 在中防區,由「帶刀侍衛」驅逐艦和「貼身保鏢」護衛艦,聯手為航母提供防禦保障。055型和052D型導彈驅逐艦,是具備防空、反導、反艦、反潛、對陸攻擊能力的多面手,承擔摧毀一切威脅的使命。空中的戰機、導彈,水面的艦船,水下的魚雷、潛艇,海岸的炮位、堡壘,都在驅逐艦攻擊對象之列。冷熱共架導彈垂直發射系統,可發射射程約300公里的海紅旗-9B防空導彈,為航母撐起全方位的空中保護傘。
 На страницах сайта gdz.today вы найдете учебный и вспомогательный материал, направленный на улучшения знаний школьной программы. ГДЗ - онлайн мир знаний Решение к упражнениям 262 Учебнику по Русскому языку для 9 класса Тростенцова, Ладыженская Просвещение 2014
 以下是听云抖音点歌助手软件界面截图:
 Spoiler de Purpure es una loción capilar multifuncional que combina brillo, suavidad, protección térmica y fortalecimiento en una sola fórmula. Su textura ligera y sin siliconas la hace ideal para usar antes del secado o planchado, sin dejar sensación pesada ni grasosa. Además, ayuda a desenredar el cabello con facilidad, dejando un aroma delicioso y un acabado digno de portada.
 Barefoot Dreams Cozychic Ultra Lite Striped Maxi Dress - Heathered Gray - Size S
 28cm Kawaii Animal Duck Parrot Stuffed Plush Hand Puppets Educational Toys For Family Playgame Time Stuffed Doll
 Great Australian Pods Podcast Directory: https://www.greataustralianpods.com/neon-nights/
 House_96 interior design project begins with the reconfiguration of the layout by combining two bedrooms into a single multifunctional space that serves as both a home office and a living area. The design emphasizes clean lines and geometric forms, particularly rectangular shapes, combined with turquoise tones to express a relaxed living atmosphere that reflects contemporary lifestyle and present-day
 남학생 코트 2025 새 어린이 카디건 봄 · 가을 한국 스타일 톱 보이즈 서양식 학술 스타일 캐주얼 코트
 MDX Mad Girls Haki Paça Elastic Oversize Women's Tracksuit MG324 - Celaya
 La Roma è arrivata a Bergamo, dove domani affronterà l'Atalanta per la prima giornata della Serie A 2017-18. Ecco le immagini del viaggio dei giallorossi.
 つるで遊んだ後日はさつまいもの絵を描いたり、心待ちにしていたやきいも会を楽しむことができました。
┄┄┄┄┄┄┄┄┄┄
§ **Exercise prompt**
With the entries above as the source, set down exactly the lines from the one holding "La Roma è arrivata" through the last line, both ends included.

§ **Task result**
 La Roma è arrivata a Bergamo, dove domani affronterà l'Atalanta per la prima giornata della Serie A 2017-18. Ecco le immagini del viaggio dei giallorossi.
 つるで遊んだ後日はさつまいもの絵を描いたり、心待ちにしていたやきいも会を楽しむことができました。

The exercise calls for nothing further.